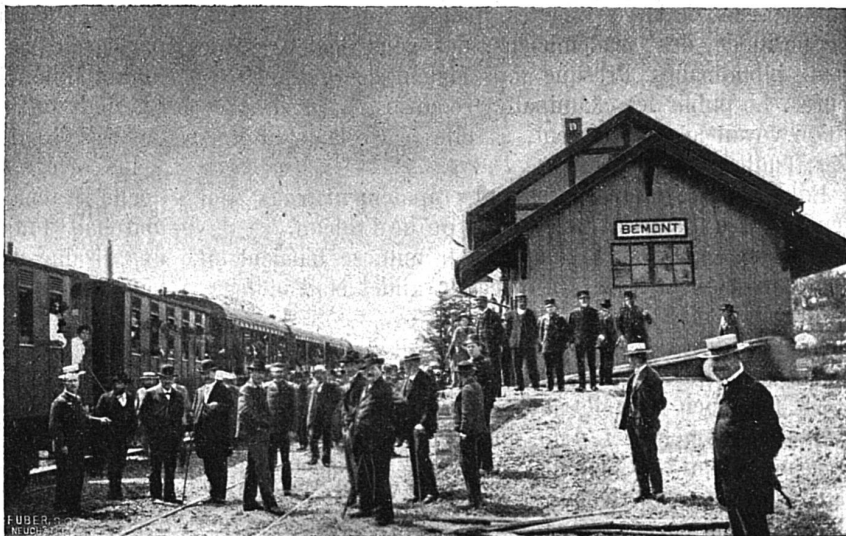
La Station du Bémont

Le 20 mai dernier avait lieu la cérémonie d'inauguration de la nouvelle voie ferrée. Elle eut lieu par un temps
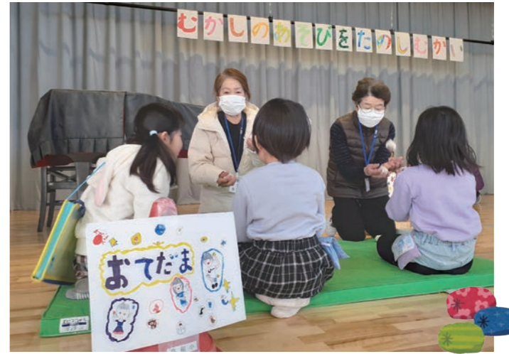
お手玉じょうずにできるかな？

していく」ことを目指して活動をしています。高根小学校の「親子ふれあいスポーツ体験」では、高根地区のながいきMURA座談会メンバーがポッチャの審判として協力したことがきっかけで、令和6年1月17日（水）に行われた、高根小学校1年生の授
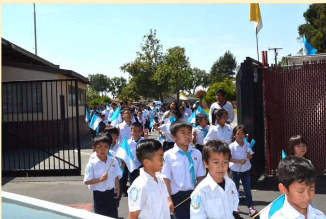
Đoàn Thiếu Nhi Fatima hoà chung cùng đoàn rước trong cuộc cung nghinh Đức Trinh Nữ Maria
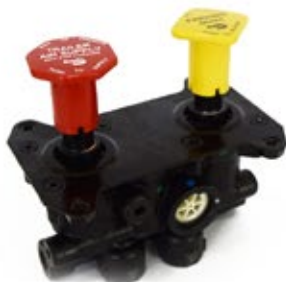
Válvula Freno de mano MV-3,5 Salidas

Aplicación: Camiones Americanos Código: 286370N
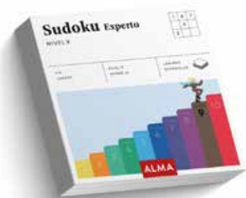
978-84-15618-93-5 Experto, Nivel 9
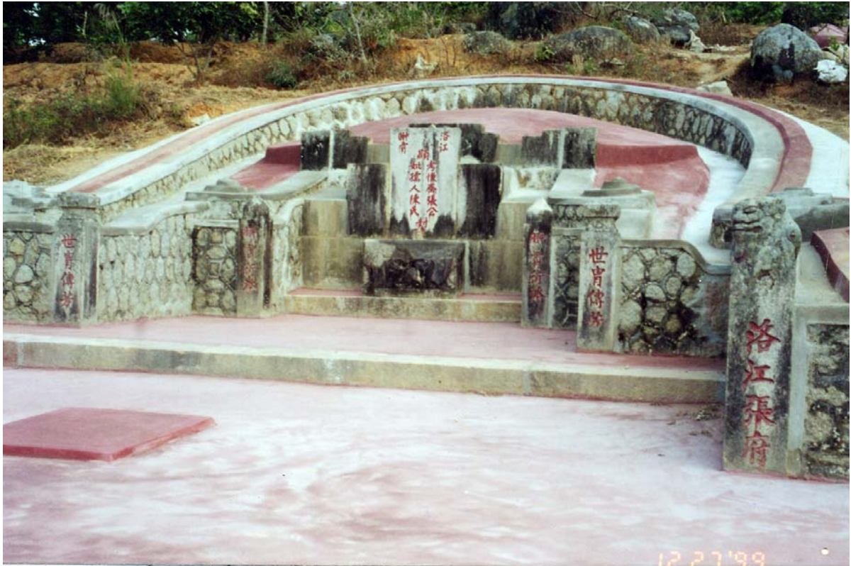
先主仰瑜公妣陳氏墳墓 1943 年建

張家人多業大，多人為朝廷官吏，享皇朝奉祿，遵孔孟之道，家教嚴格，人員等級輩份分明。當時全家 100 多人合在一起吃飯，各房媳婦輪流煮飯，用餐需分三批：第一批為長老、父子、孫輩；第二批為婆婆、姑嫂；第三批為媳婦們及親屬婦女輩份。用餐時只能一次夾菜，不得重復二次夾菜，一般只夾面前的菜，不得跨越夾菜。這些封建禮數倒也帶給張家子孫尊老敬老，孝順父母，妯娌和睦相處的優良傳統。
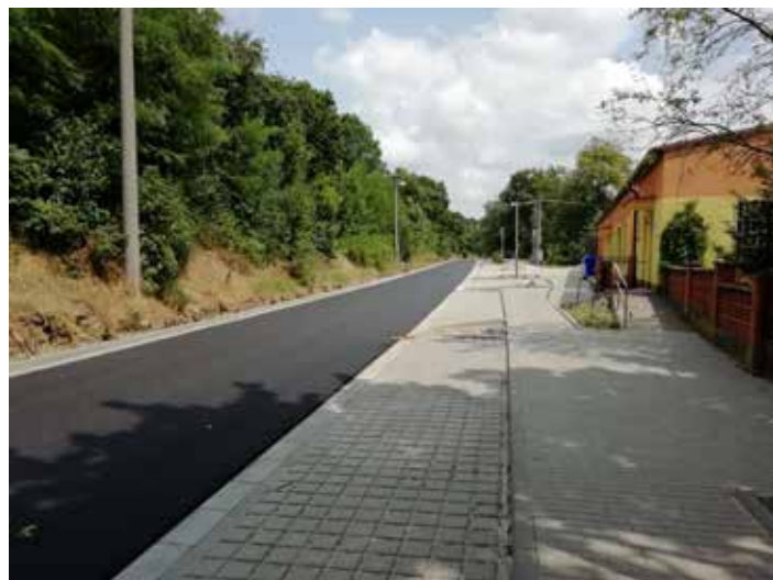
Prostor před MŠ po rekonstrukci.
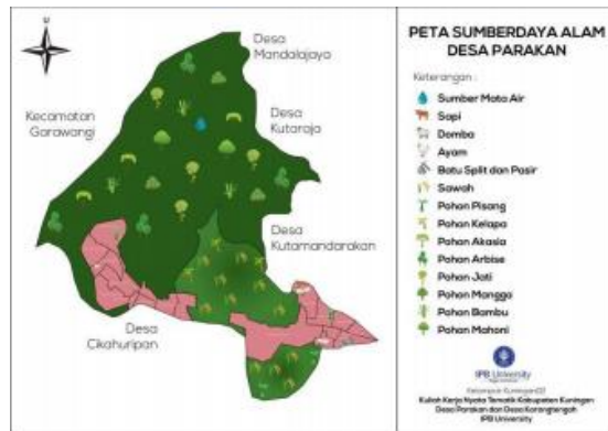
Gambar 3 Peta potensi sumber daya alam Desa Parakan
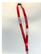
sleutellint € 2,00
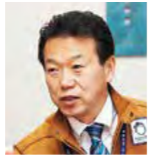
■ えがおの人 山形市中央倫理法人会 副会長
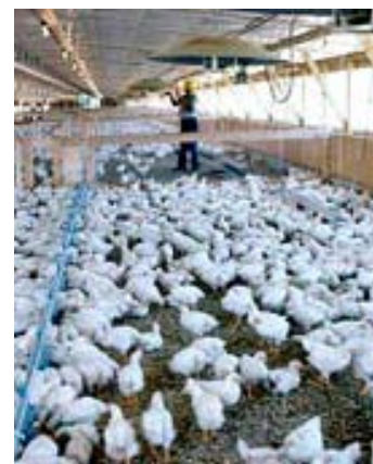
Σε επιφυλακή βρίσκονται οι ελληνικές αρχές για την γρίπη των πτηνών

ρεύματος αγρίων πτηνών από την Ισπανία και για το λόγο αυτό επιβάλλεται η πιστή εφαρμογή των μέτρων βιοασφάλειας στην αντιμετώπιση της γρίπης των πτηνών. Τα μέτρα περιλαμβάνουν: την αποφυγή πώλησης πουλερικών σε υπαίθριες αγορές, απαγόρευση της διατήρησης πουλερικών σε ανοιχτούς χώρους καθώς και η αποφυγή επαφής μεταξύ πουλερικών εκτροφών και κατοικίδιων ζώων.

What is expected: In the entries above, find each line that has the word "πτηνών". Copy it.

Reply:
Σε επιφυλακή βρίσκονται οι ελληνικές αρχές για την γρίπη των πτηνών
ρεύματος αγρίων πτηνών από την Ισπανία και για το λόγο αυτό επιβάλλεται η πιστή εφαρμογή των μέτρων βιοασφάλειας στην αντιμετώπιση της γρίπης των πτηνών. Τα μέτρα περιλαμβάνουν: την αποφυγή πώλησης πουλερικών σε υπαίθριες αγορές, απαγόρευση της διατήρησης πουλερικών σε ανοιχτούς χώρους καθώς και η αποφυγή επαφής μεταξύ πουλερικών εκτροφών και κατοικίδιων ζώων.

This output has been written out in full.